There are several mechanisms that have been hypothesized to drive the evolution of spatiotemporal migration patterns and we tested two purported by Pienkowski and colleagues [9]. First, we found no relationship between ruby-throat body size (fat-free body mass) and natal origin, which does not support the hypothesis that differences in body size across the range reduce intraspecific competition. This finding is similar to that of American redstarts (Setophaga ruticilla; [34]) and contrasts with that of sharp-shinned hawks, which show a similar temporal migration pattern [8]. However, Zenzal and Moore [15] found two distinct peaks in the phenology of juvenile ruby-throats, one peak in September and a separate peak in October, that coincidentally match when individuals from northern and southern latitudes passed through our study site as revealed by isotope analysis in this study. It is possible these peaks represent a southern population and northern population using stopover habitats along the northern coast of the Gulf of Mexico at different times, a strategy that would alleviate intraspecific competition. However, more study is needed to determine the origin of birds arriving during these separate peaks.

The second factor we tested, fuel load, did not support our prediction that there would be differences in the cost of migration across the range, rather individuals from both northern and southern latitudes arrived with similar fuel loads. These results are similar to other studies [8, 35,36,37] that found no relationship between fuel load and migratory distance. Moreover, most individuals in this study, as well as ruby-throats from this location previously described by Zenzal and Moore [15], typically arrived with some fuel stores. This may be due to birds being in close proximity to an ecological feature (Gulf of Mexico), where migrants tend to put on substantial fuel stores prior to negotiating a crossing (e.g., [38]). It is also possible given their small size [10] and high metabolism [39], ruby-throats always carry additional fuel stores to safeguard against times of energy shortfalls. Additionally, northern populations show synchrony between migratory movements and resource availability allowing birds to arrive on the Gulf coast in good energetic condition [14].

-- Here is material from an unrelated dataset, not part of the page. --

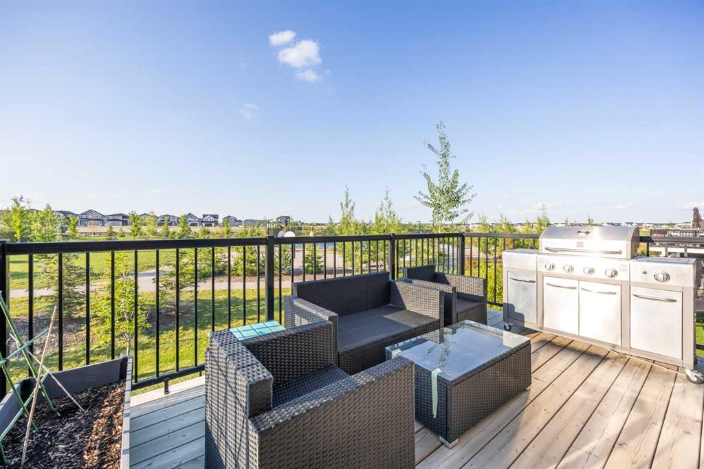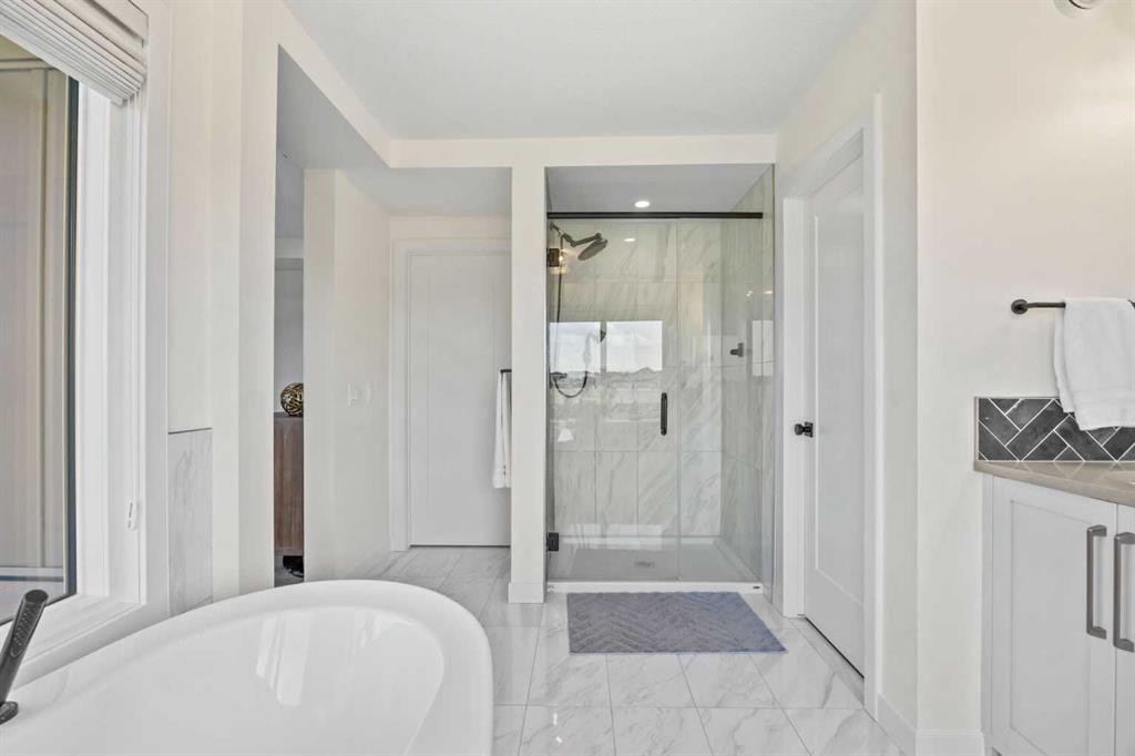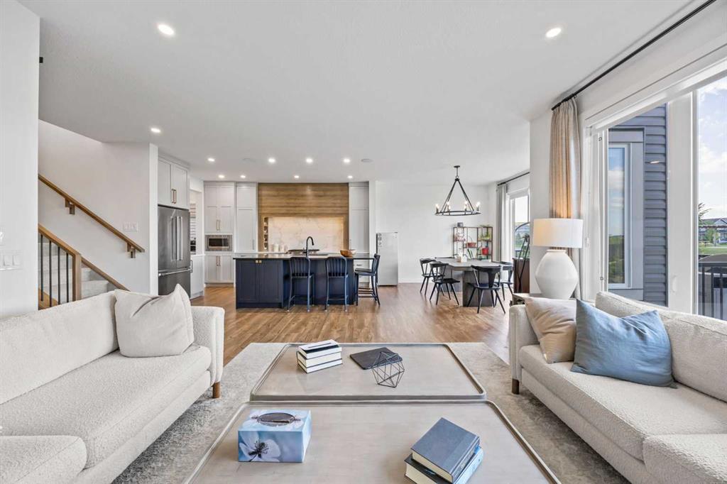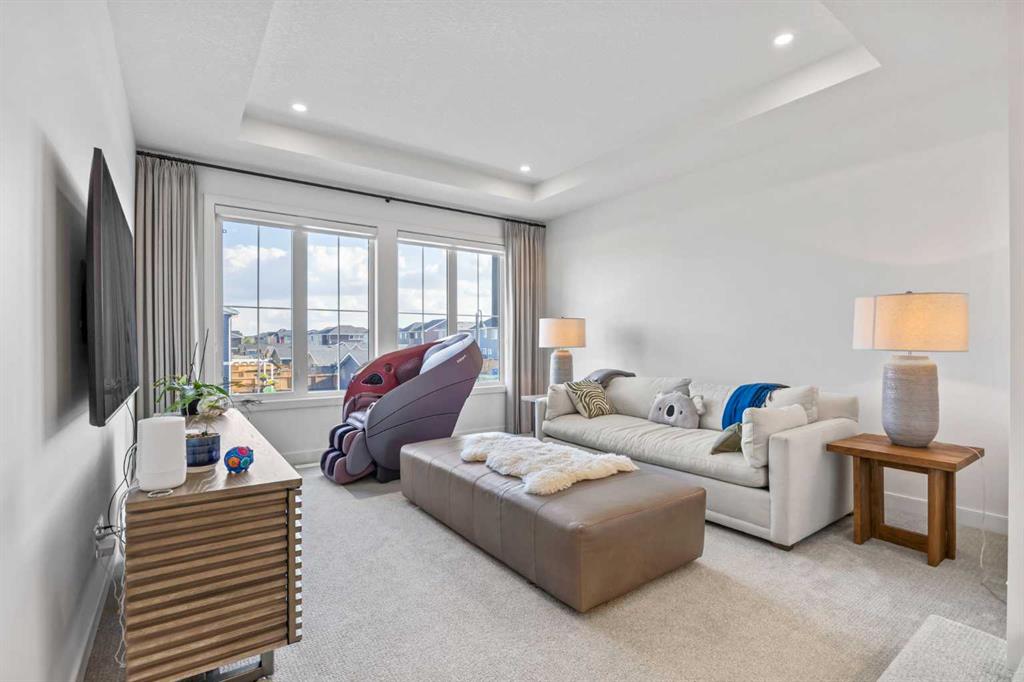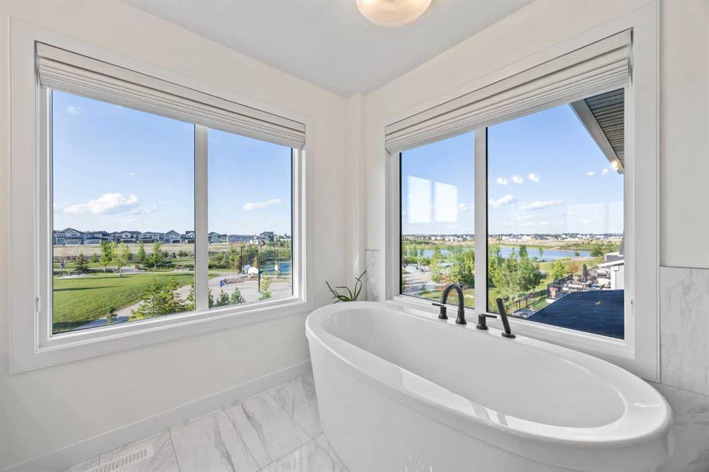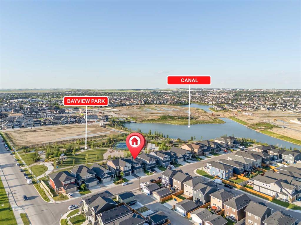 Welcome to this exceptional 30 ft wide former showhome, backing directly onto the scenic Bayview Park, in a vibrant community featuring a tranquil canal system, expansive green spaces, and a future school just steps away. Thoughtfully designed and meticulously upgraded with over $150,000 in high-end finishes, this award-winning residence blends sophistication, comfort, and modern functionality. Over 3600 Sq ft. developed area, the main level impresses with two-tone cabinetry, stacked flooring, and two-tone quartz countertops, beautifully accented by white oak railings and elegant boxed-up ceiling details. The custom kitchen is both stylish and practical, seamlessly connecting to open-concept living and dining areas. A large spa-inspired ensuite bathroom and comfort-height vanities bring a touch of everyday luxury, while triple-pane windows ensure quiet and energy efficiency throughout the home. Upstairs, a generous bonus room with 9 ft ceilings offers a perfect space for relaxing or entertaining. Every bedroom is pre-wired with TV and data ports, reflecting the home’s forward-thinking design. The laundry room is roughed in for a future sink, offering additional convenience. The fully developed basement adds an additional 810 sq ft of living space with 9 ft ceilings, and features a spacious recreational area, a large bedroom, and a full bathroom, perfect for guests, teens, or multi-generational living. In-ceiling speakers are installed on every level, delivering a seamless audio experience throughout the home. Modern amenities continue with a dual-zone furnace system, central air conditioning, and an upgraded 200 AMP electrical panel. The heated garage with an 8 ft overhead door is EV-ready with charging rough-in already in place. Exterior upgrades include Gemstone permanent lighting, an irrigation system, and a hot tub control panel, enhancing the outdoor lifestyle. This is a rare opportunity to own a turnkey luxury home in a premier location—designed to impress and built to last.

While beyond the scope of our study, two other mechanisms may influence migratory patterns. One possibility is that individuals show constant breeding area resident time (sensu [40]), allowing southern birds to breed earlier and hence migrate sooner than birds from northern latitudes. Another possibility is the availability of resources en route, which may influence when species time their migratory movements (e.g., [14, 41,42,43,44]) and this is strongly supported in hummingbirds [14, 41,42,43]. The timing of individuals from northern latitudes in our study tightly corresponded to the availability of Impatiens capensis and Lobelia cardinalis described by Bertin [14]. The evolution of migration patterns may be tied to the ability to obtain resources en route, which has important conservation and habitat management implications. While ruby-throats are not a species of conservation concern, information on timing can be used to inform the general public when to focus on providing supplemental feeding – an activity with positive economic impacts [45, 46] and likely positive impacts on survival during migration.

Conclusions

Our results reveal that ruby-throats from across the breeding range used our coastal Alabama stopover site, with individuals from northern and southern latitudes arriving at different periods over the migratory season. When coupled with the spatial pattern described on the wintering grounds [26], ruby-throats show a type 1 chain migration pattern wherein individuals from southern latitudes initiate migration before individuals from northern latitudes. However, we were unable to identify the mechanism that might drive this pattern. We found no relationship between body size or migration cost and natal latitude, indicating other factors such as resource availability, competition, or constant breeding area resident time may be responsible for this migration pattern. Future research should work to find the mechanism(s) that may have influenced the evolution of the type 1 migration pattern in ruby-throats.